■ What to work on: Print exactly the lines below between the line holding "FIG. 2B. Neumonía" and the line holding "resto de los", inclusive, and nothing more.

■ Data provided:
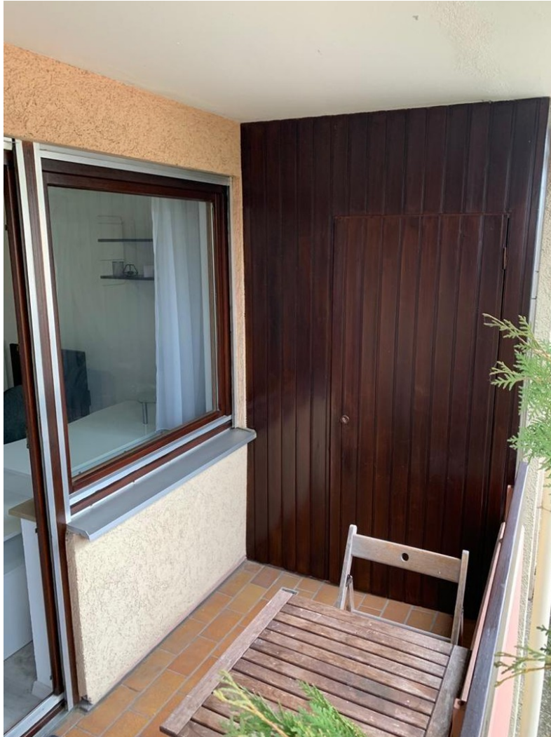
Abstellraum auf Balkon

* * *

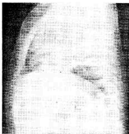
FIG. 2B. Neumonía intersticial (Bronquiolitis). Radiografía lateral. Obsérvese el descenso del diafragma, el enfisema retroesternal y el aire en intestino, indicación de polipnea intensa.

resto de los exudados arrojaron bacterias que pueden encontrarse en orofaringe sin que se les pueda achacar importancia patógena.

* * *

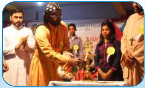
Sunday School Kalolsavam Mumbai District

■ Result of this task:
FIG. 2B. Neumonía intersticial (Bronquiolitis). Radiografía lateral. Obsérvese el descenso del diafragma, el enfisema retroesternal y el aire en intestino, indicación de polipnea intensa.

resto de los exudados arrojaron bacterias que pueden encontrarse en orofaringe sin que se les pueda achacar importancia patógena.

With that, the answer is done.